9 Results From Sibling Research

Have you ever wondered about what your life would’ve been like with a younger sibling? Or do you have a sibling, and you are curious how the other half lives?

This national siblings' day we want to share some fun facts from psychological and sociological research about the effects of having a sibling.


1) Siblings Spend More Time With Each Other Than With Anyone Else.

By the time kids with siblings are 11 years old, they’ve spent roughly 33 percent of their free time with them.

Even as they get older and have more outside interests and obligations. Children still spend at least 10 hours a week with their brothers and sisters. In large families that number is more like 17 hours a week.


2) Kids Without Siblings Get Greater Exposure To The Adult World Early On.

Being an only child the conversations you hear and take part in, the TV shows you watch, and the vacations you go on, tend to skew older.

These things help brains in development. By the time the child is in first grade, he or she has a background in adult thinking and abstract concepts. Children with siblings don’t get that exposure.


3) Men With Sisters Are Better At Talking To Girls.

When you pair people up in 5-minute to 15-minute conversations, the males who grew up with sisters tend to do better than the ones who grew up with brothers. This is also true compared with only children.

Females with brothers tend to do better with boys. This is because they learn a bit about how to interact with and engage with the opposite sex.


4) The Oldest Children Get An IQ And Linguistic Advantage.

Older siblings get more mentoring with their parents before younger siblings come along. As a result, they get an IQ and linguistic advantage. Being the exclusive focus of their parents’ attention has its benefits.

By the time an older child is 2 or 3 years old, parents have sunk a great deal of time, resources, and emotional energy. There’s a lot of parental focus on the older child, even if they’re not aware they’re doing it.


5) Middle Children Get Less Parental Attention.

Middle children (and many second born) tend to invest in friendships outside the home. They can be much less connected to the family.

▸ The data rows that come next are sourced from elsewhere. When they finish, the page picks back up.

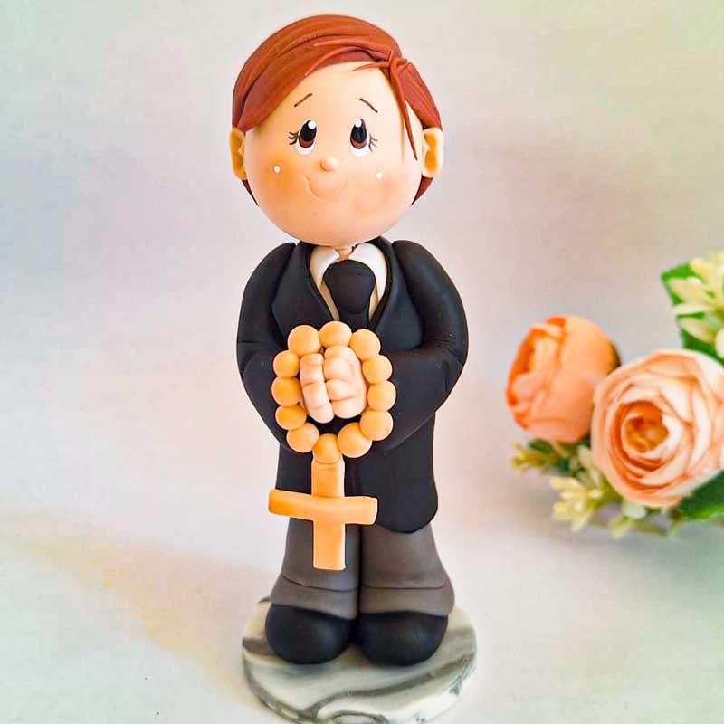 Celebra la primera comunión o confirmación con un toque de elegancia y delicadeza, con esta figuras de porcelana fría, ideal para decorar tu torta. Hecha a mano con una medida aproximada de 10-15 centímetros. Puedes elegir entre la figura de niña o niño, adaptándose a tu celebración.
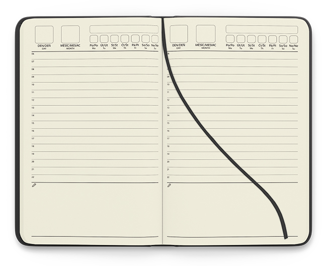 | Barva a materiál: | jemný sametový materiál, šitá vazba V8, černá stužka, kulaté rožky, gumička, vnitřní listy: ofset 70 g | ||||||||||||||
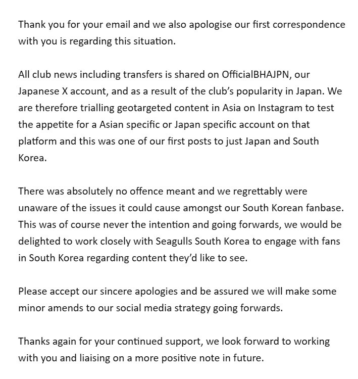 布莱顿韩国球迷组织致信俱乐部,对用日语官宣尹棹泳外租表示不满,俱乐部回复邮件表达歉意:“感谢您的邮件,我们对此深表歉意。这是我们首次就此事与您联系。所有俱乐部新闻,包括转会信息,均会通过我们的日本X账号OfficialBHAJPN发布。由于俱乐部在日本的受欢迎程度,我们正在Instagram上测试针对亚洲地区的地理定位内容,以评估该平台上是否存在对亚洲专属或日本专属账号的需求,此次推文正是我们首次针对日本和韩国发布的测试内容。
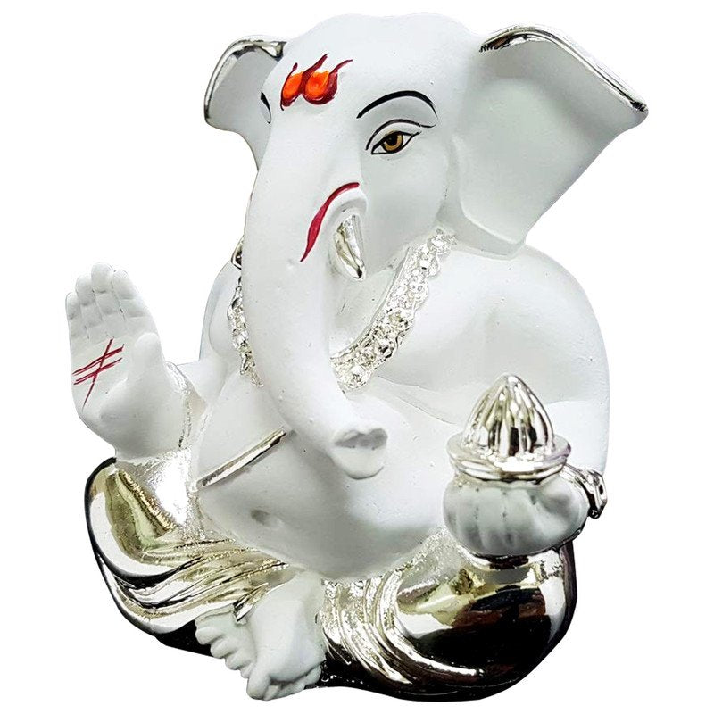 Artistic Trendy White Pottery Ganesha Figurine for Car Dashboard I Gifting – Home Decoration
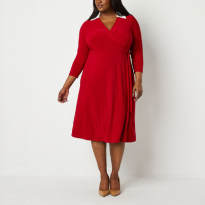 Source : blackbride.comBlack Label by Evan Picone Plus 3/4 Sleeve Midi Wrap Dress, Color
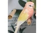 体長 約20cm、羽が黄色、お腹・頭・肩がピンク、オデコに少し青色(色が剥げている可能性あり)
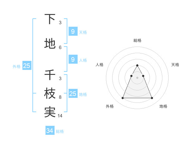 下地 千枝実さんを姓名の画数から五運を鑑定
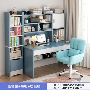 100cm-蓝色单桌+书柜+软包椅

Birth order research shows that second and/or middle children are first to flee the family nest. Presumably as they seek their sense of belonging outside the family.


6) The Youngest Kids Develop Different Social Skills.

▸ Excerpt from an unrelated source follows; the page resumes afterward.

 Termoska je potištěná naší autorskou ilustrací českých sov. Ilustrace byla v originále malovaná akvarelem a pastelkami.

The Youngest kids tend to develop a greater ability to use low-power strategies. Like getting inside the minds of, and charming, other people. They learn to disarm by being funny or by having a better intuitive sense.


7) Only About Half Of All Siblings Share The Same Level Of Economic And Educational Success.

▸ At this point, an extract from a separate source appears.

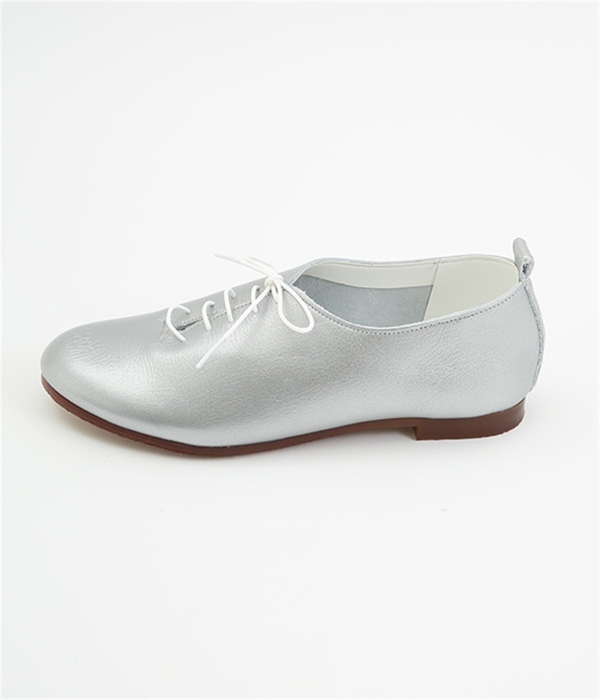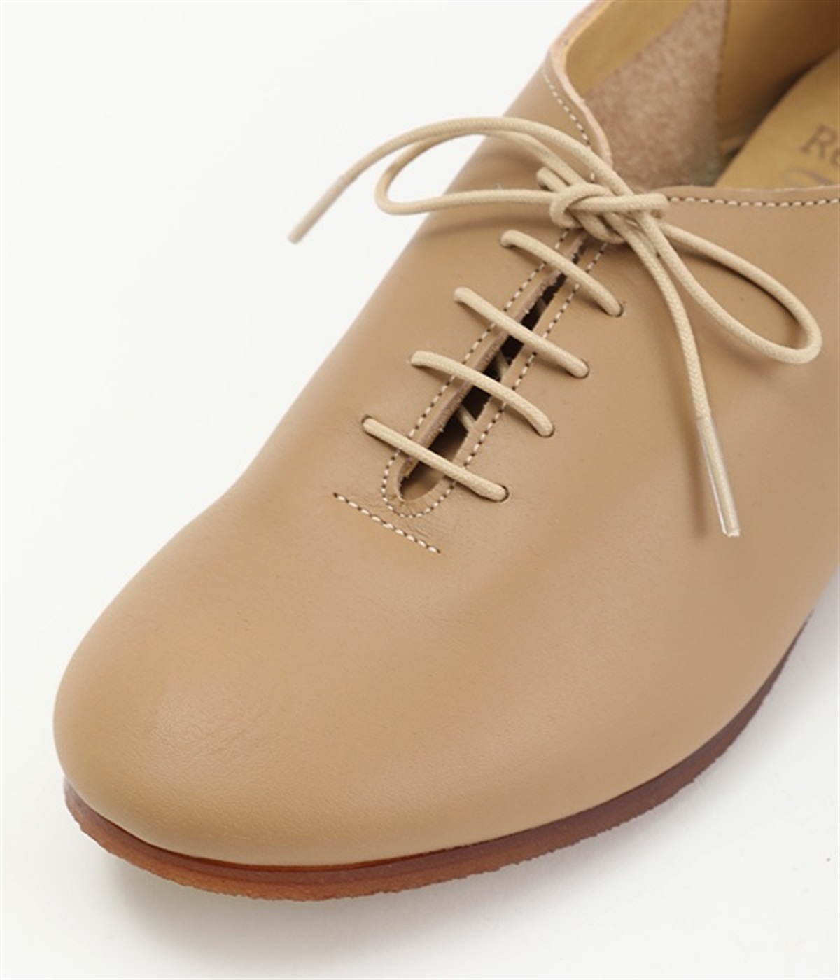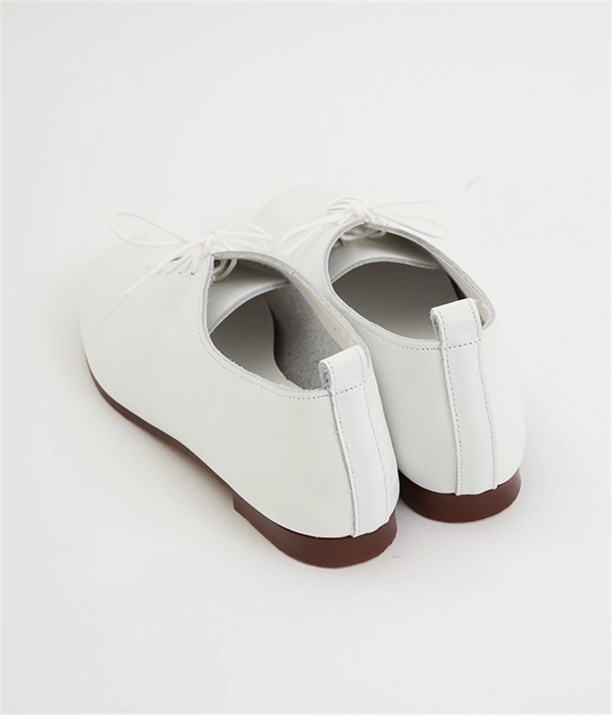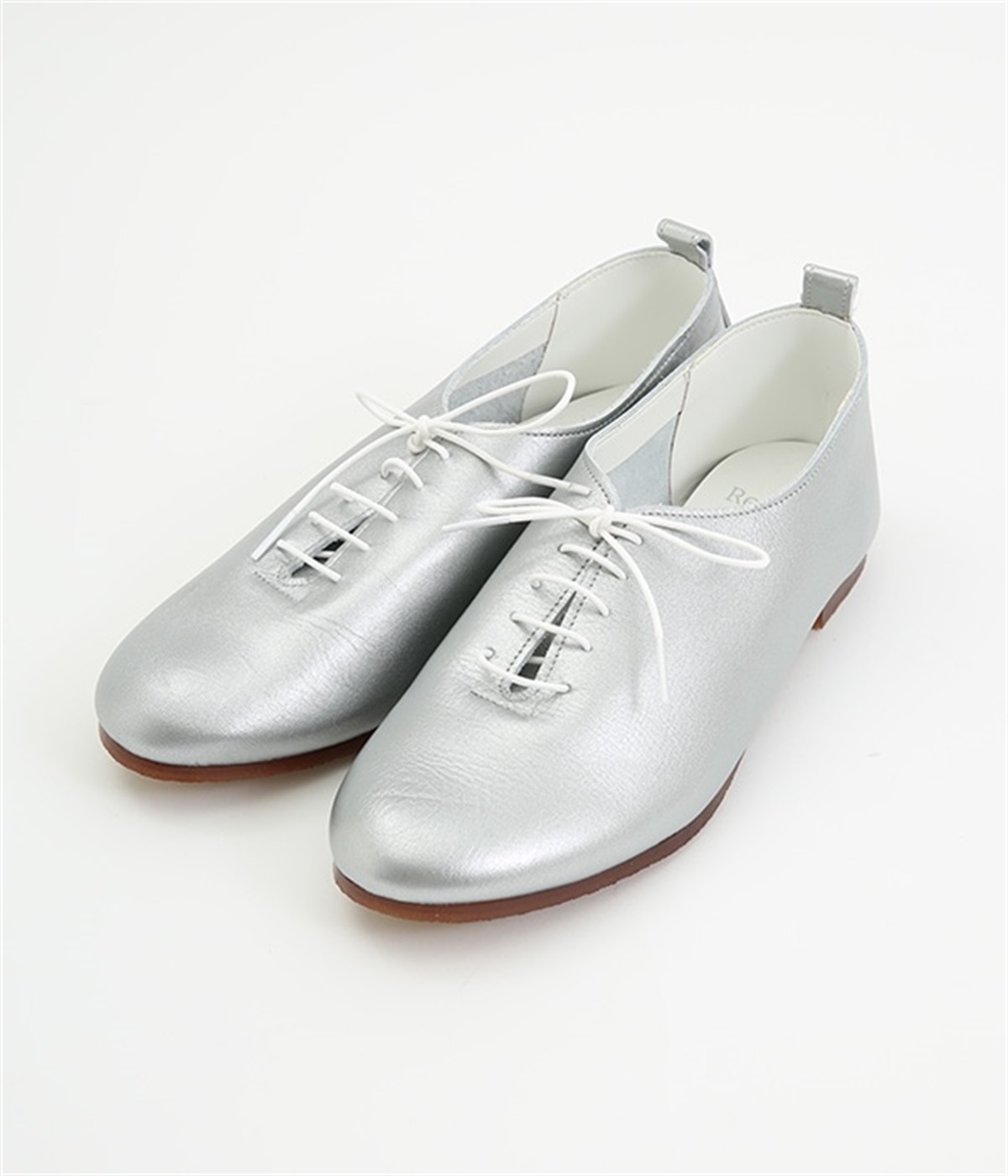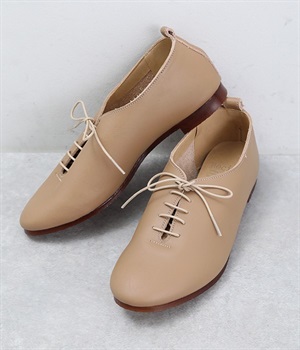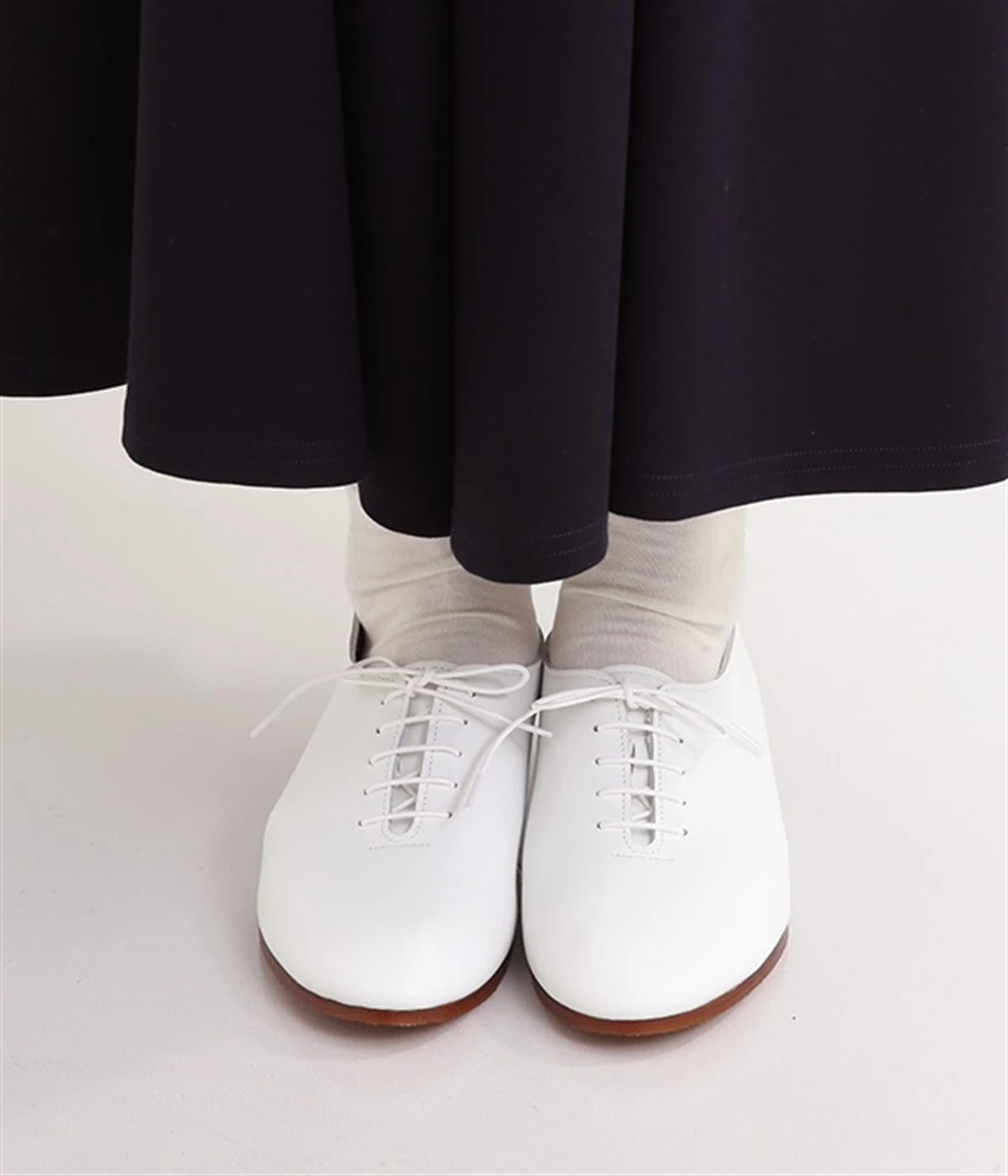 革一枚仕立てのフラットなデザインが魅力のレースアップシューズです。コーディネートを引き立てるベーシックなデザイン&色がポイント。季節を問わず使いやすく、足元が品よく決まります。靴紐は細めのものをセレクトして女性らしい華奢な印象に。中敷きはふかふかと厚さもあり、歩きやすさも抜群。丈夫で軽い日本製の部品を使用しています。

Economists tell us that sibling correlation suggests family background affects future success. Half of economic inequality in the US can be attributed to family and community influences.


8) Younger Siblings Have A Tendency To Be More Rebellious And Extroverted.

According to a study, younger siblings were much more aggressive and rebellious as opposed to their older siblings.

Younger children need to develop the ability to stand up to their siblings and make themselves heard.


9) People Tend To Form Relationships With Partners Who Are Of The Same Birth Order.

At least according to the Journal of individual psychology. So if you're a middle child, you could be more likely to marry a middle child. Similar life experiences can create a deeper understanding between partners.


Did any of these sound like you and your brother or sister? Share this list with them and see if they think so too!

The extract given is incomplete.